Gray above, white below: a snowbird hops atop five inches of fresh snow, noshing on goldenrod, snakeroot, and stiltgrass seeds, leaving lines of little arrows pointing backwards.
Japanese stiltgrass
September 8, 2023
Overcast and cool. Last night’s storm has left the Japanese stiltgrass sprawled this way and that, its stalks just beginning to turn red.
August 1, 2023
Sun glimmering through thin, high clouds. The distant rumble of a train. In the long grass, each drop of dew begins to shine.
July 29, 2023
White sky with distant crows. The stiltgrass in the meadow is still lying low after a thunderstorm yesterday at dusk.
July 25, 2023
Sunrise thunderstorm: the sky darkening just when you least expect it, then the downpour and all the leaves of grass nodding like headbangers as the thunder booms.
January 29, 2022
Cold and quiet. A junco foraging in the stiltgrass chirps after every beakful.
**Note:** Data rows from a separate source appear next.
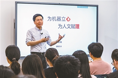 原标题:为机器立“心”(主题) ——记全国政协委员、2025年全国劳动模范朱松纯(副题) 人民政协报记者 李京 易欣 赖仁杰 朱松纯 全国政协委员,北京通用人工智能研究院院长,北京大学人工智能研究院、智能学院院长,清华大学基础科学讲席教授。2025年获“全国劳动模范”称号。 大幕已经揭开。 从辅助科研到艺术创作,从金融分析到自动驾驶,飞速跃进的人工智能有效提升了工作生活的效率和质量,助推多个行业形成新质生产力。越来越多的人相信AI正在改变人类生活,这背后,还有许多如朱松纯一样改变AI的人。 2024年全国两会期间,朱松纯走上了“委员通道”。他介绍的通用智能人小女孩“通通”,刚刚在一个多月前亮相,其具备了三四岁儿童的完备心智。时隔一年,“通通”再次亮相2025中关村论坛年会,并演示了多项更为复杂的任务。而今天的“通通”2.0版本,已经可以完成参考认知心理学定义的多项五六岁儿童应掌握的经典任务…… “通通”如孩童成长般的迭代,离不开作为创造者之一的朱松纯的辛勤劳动。在他的理解中,“作为科研工作者、教育工作者的劳动,就是在改变认知的空间。”前不久,朱松纯获得了“全国劳动模范”的称号。接受表彰的那一天,坐在人民大会堂里的朱松纯想起了自己的父母,而无论是父母从事的改变物理空间的劳动,还是他自己从事的改变认知空间的劳动,劳动的精神内核从未改变:正是这种代代相传的劳动品格,支撑着他不断攻坚克难,为国家人工智能科技创新与人才培养贡献力量。 朱松纯在授课。(图片由受访者提供) 为机器立“心” 与朱松纯的采访不用担心会陷入冷场,他乐于主动开启一个话题。采访前,他从抽屉中取出几页写着批注的科普演讲稿,连同新作《通用人工智能:标准、评级、测试与架构》一起推到记者面前。“未来人工智能要想应用在社会的方方面面,要解决的关键问题就是它必须通用。”这是他的一贯观点。 朱松纯不会只谈科学,话题涉猎很广,从科研范式的创新探索到人才培养的实践,他总能信手拈来。中华优秀传统文化留在他身上的印记同样明显,不只是脱口而出的诗词名句、办公室悬挂着的书法作品,苏轼的《寒食帖》和《赤壁赋》对他的科研思想起了不小的启发作用。 但无论话题如何跳转,最终总会回到朱松纯的“主战场”——通用人工智能。“通用人工智能就相当于一个物理世界的人,它能完成无穷的任务,在一个场景中就知道自己需要做什么,并主动学习怎么做。”说到这,他习惯性地扶了扶眼镜,语气坚定。 “我们的小孩为什么很快能够学会用筷子、搓汤圆……这些日常生活中最习以为常的能力背后其实都是通用人工智能需要研究的核心的技术问题。我们觉得不费劲,并不等于这个问题很简单。恰恰是因为我们针对这些问题进化出了强大的心智和价值体系,这是我们传统文化中俗称的‘心’。” 人工智能和哲学,两个看似毫无交集的概念在朱松纯看来却有着密不可分的联系。他一直在用哲学思维审视人工智能,并提出了一个新的研究路径——为机器立“心”。“中华优秀传统文化能够为人工智能提供一套完整的价值认知体系,有助于促进人工智能‘自主价值’与人类社会伦理一致,实现‘为机器立心’的目标。” 一直以来,朱松纯在做的,是脚踏实地地探索通往未来的路。“人工智能的高质量发展,不仅在于技术领先,还在于推动构建更具有人文关怀的文明范式。人工智能的本质是研究人。”在他看来,要使AI更像人类,需要一个模拟大脑中自上而下机制的认知计算框架。 研究好比耕种,一颗种子播下,当它挨过漫漫寒冬,就有机会在春天破土而出。 2024年3月,国际上首个具身通用人工智能系统原型“通通”在中关村论坛亮相。在互动中,“通通”能够自主完成对环境的探索、收拾房间、擦拭污渍等任务。比如,当互动者故意将墙上的相框移位,“通通”会根据自己“爱整齐”的价值观,灵活地伸展机械臂,轻轻将相框位置摆正。“她不仅能够理解你的话语,还能领会你的意图,甚至在你忙碌时主动提供帮助。” 朱松纯告诉记者,“通通”基于原创的认知架构理论框架以及自主研发的学习和推理框架,拥有独特的“心智”。“从通用智能体到行业智能体,最后到社会智能体,有可能需要上百万个‘通通’互相协作完成任务,这些都是通用人工智能发展的前沿研究方向。” 2024年4月26日,全国政协召开远程协商会,围绕“深化人工智能多场景应用 提升现代产业高质量发展水平”协商议政。朱松纯在发言中建议,重塑通用人工智能场景、行业和产业格局。 在冷清时率先布局,而当热潮涌来,朱松纯反而保持着冷静和思考:“面对未来人工智能的巨变,要以中国之思想,创世界之科技。要让人工智能完备的价值体系和认知架构在价值的指引下自主定义、产生和完成任务,这是迈向通用人工智能的全新的技术路线与科学范式。” 为行业育人 三次问鼎计算机视觉领域国际最高奖项——马尔奖,研发全球首个通用智能人……朱松纯的科研道路看上去是一路坦途,其中几多艰辛,隐在他轻描淡写之中。 2020年8月底,朱松纯怀揣着更宏大的愿景,回国带领科研团队探索AI最前沿。此时,朱松纯预测到了通用人工智能的崛起,也敏锐感知到产业生态的不完善——“无论是技术抑或是人才,与行业发展的需求仍存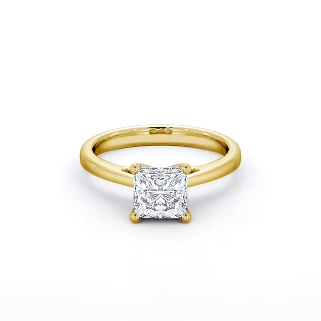 Charolette diamond engagement ring with a four claw 18K Yellow Gold setting. Featuring a princess shaped diamond high set amidst four prongs, this solitaire engagement ring is simply elegant. With a mid band width of 2.2mm, this ring is available in a range of metal options and your choice of natural or lab grown diamonds. We offer a free design service for any customised changes that you may require.
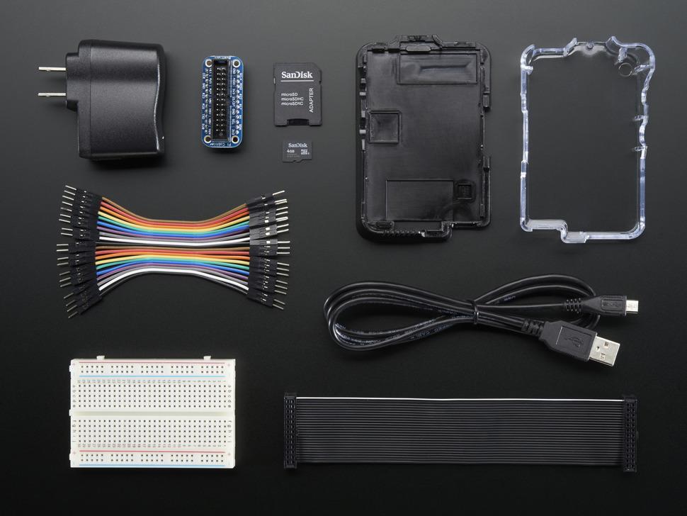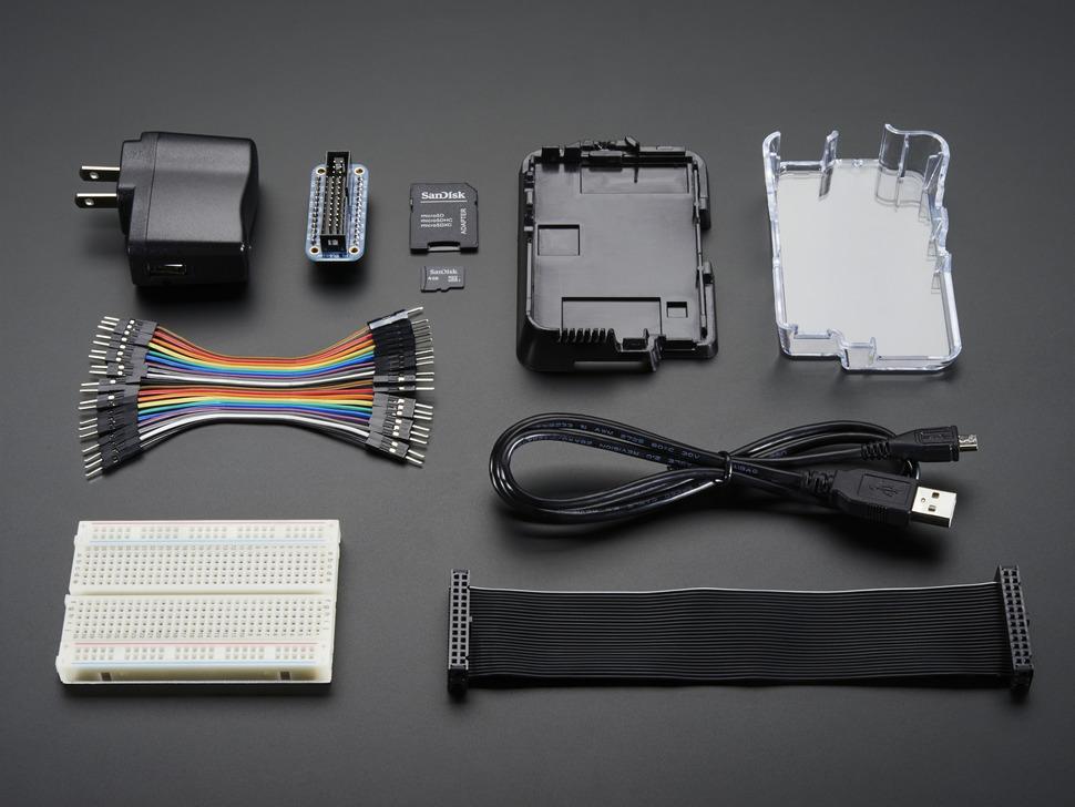 Dit pakket bevat een Adafruit Pi case voor bescherming en duurzaamheid, een USB Micro-B-kabel van 91 cm en een 5V 1A-stroomadapter die speciaal is ontworpen voor embedded Linux-machines en die betrouwbare stroomvoorziening biedt.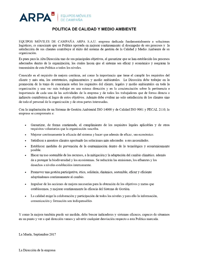 ARPA es una empresa familiar, de capital 100% Español fundada por D. Antonio ARPA Romero en 1968.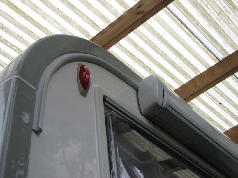 --> Wer den Aufbau vom Elnagh Marlin 65G mit dem blöden Knick (Übergang Alkoven zum hinteren Aufbau) im Dach entworfen hat, gehört sowieso gesteinigt! Dort bleibt immer das Wasser stehen und läuft dann direkt an der Seitenwand über die Kühlschrank-Lüftungen ab.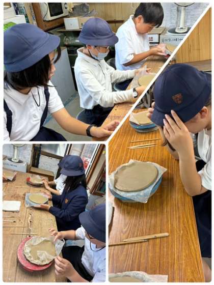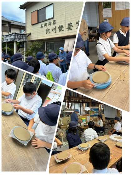 1号車の陶芸体験の様子です。事前に考えた図案を元にお皿作りました。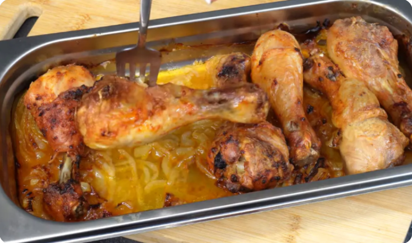В гастроемкость на дно положила лук, на лук куриные ножки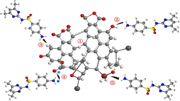 ¡¡¡¡Í¼3£º»Ç°·¶þ¼×à×ऺ͸ÄÐÔ»îÐÔ֮̿¼äºÏÀíÏ໥×÷ÓõÄʾÒâͼ¡£1.΢¿×²¶»ñ¡£2.Çâ¼üÏ໥×÷Óá£3.π-πEDAÏ໥×÷Óá£4.¾²µçÏ໥×÷Óá£5.ÅäλÏ໥×÷Óá£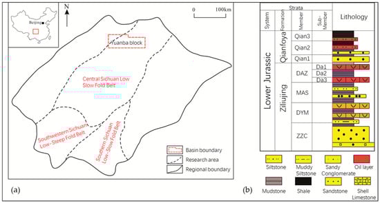 The core samples were selected from the Daanzhai Member, which contains the terrestrial shale of the Ziliujing Formation in the Yuanba region, Sichuan Basin, at depths of 3500–4150 m (Table 1). One well, YB21, was discovered to produce 209,000 cubic meters per day during a drill test. The Yuanba region is geologically located between the central and western portions of the Sichuan Fold Belt [40,41,42,43]. The mining rights in the study area, with an exploration area of 3251.48 km2, belong to Sinopec. The target stratum is the gas-rich Daanzhai section, and the sedimentary environments can be divided into lakefront facies, shallow lake facies, and deep lake facies. (Figure 1a,b)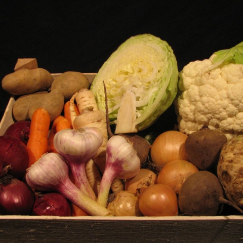 Bedýnka obsahuje: celer, řepa červená, česnek, zelí bílé, pórek, květák, cibule žlutá, cibule červená, petržel, mrkev, brambory. Složení bedýnky může být změněno podle sezóny.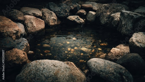 Obraz premium Calm Pond Surrounded by Rocks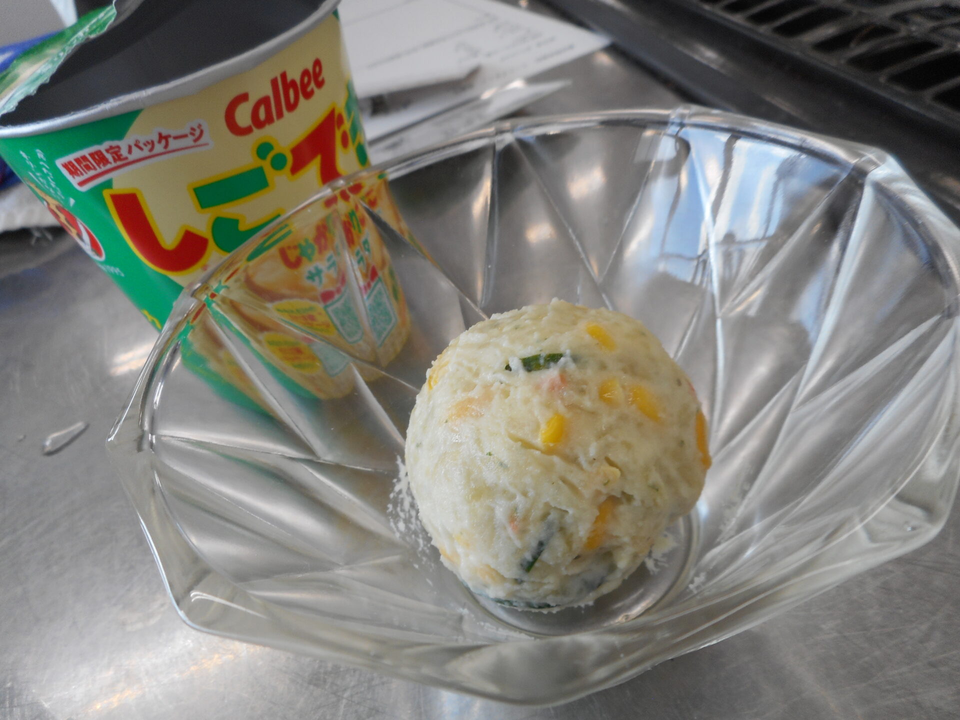 今回のメニューは、ポテトサラダ!驚くほど簡単に作ることができました。 スナック菓子と水、マヨネーズをポリ袋に入れてよく混ぜるだけで、あっという間にポテトサラダが完成することができます。さらに、きゅうりの輪切りや備蓄しているコーン缶を続けることで、栄養バランスも取れた一品になります。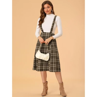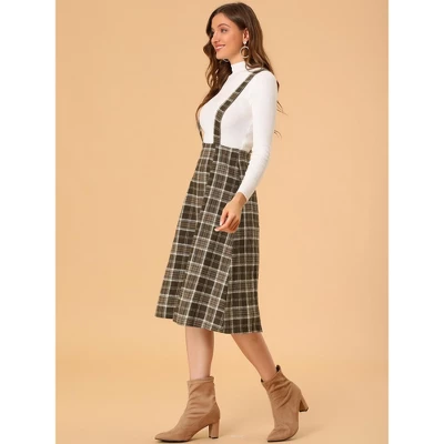 The suspender skirt with a plaid printed and A-Line design is a great highlight, full of a sense of detail and design. A classic plaid motif adds timeless sophistication to a midi suspender skirt with an easy pull-on design. This tartan suspender skirt is easily paired with tops and flat shoes for a vintage and fashionable look.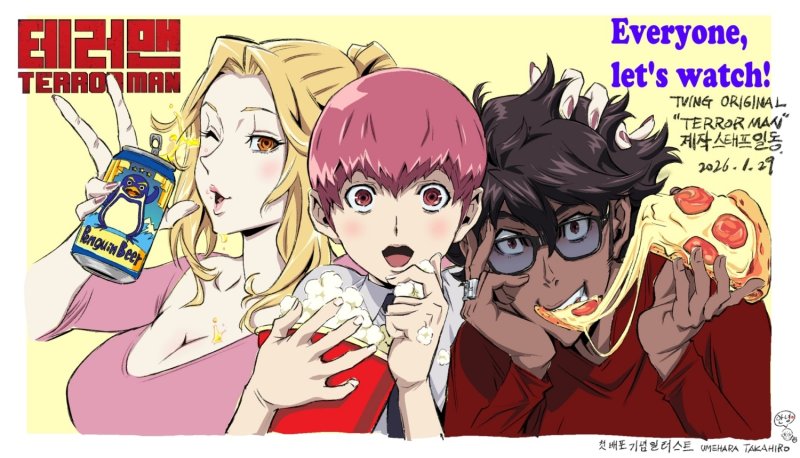 '테러맨'의 작화를 총괄한 우메하라 타카히로 감독이 애니메이션 공개를 기념하며 전한 스페셜 축전 이미지가 공개돼 이목이 쏠린다. 소소하지만 행복으로 가득 찬 일상을 만끽하는 정우, 릴리아, 봉춘의 모습이 반가움을 자아낸다.

A five-squirrel parade snakes past the yard: mating season.
September 24, 2021
Clear and cold. I see that the stiltgrass stems have all turned color in the yard—a chaos of feathery green threaded through with red.
September 9, 2021
Autumn comes from the ground up: stiltgrass stems reddening as bracken fronds bronze, while funnel spiderwebs snag the fog.
March 26, 2020
So much song from a single robin perched 80 feet up in a black locust! Down below, juncos comb through the prone stiltgrass for seeds.
January 10, 2020
Overcast. A strong smell of sewage from the treatment plant two miles away. Juncos forage in the dead stiltgrass, chirping back and forth.
November 12, 2018
A few, tiny patches of snow linger behind clumps of dead stiltgrass. The sun blazes through the thinning crown of an oak; I start to sneeze.
November 8, 2018
All the most supine stiltgrass has grown white fur in the night. Two nuthatches foraging at the woods’ edge react badly to my sneeze.
September 19, 2018
Like hair on a head the way the stiltgrass falls about in orderly whorls. A raven flies over, hoarse cries out of sync with its wingbeats.
October 28, 2017
Among the died-back stiltgrass below the porch, a cluster of native deer-tongue grass has emerged, pointed “tongues” just beginning to curl.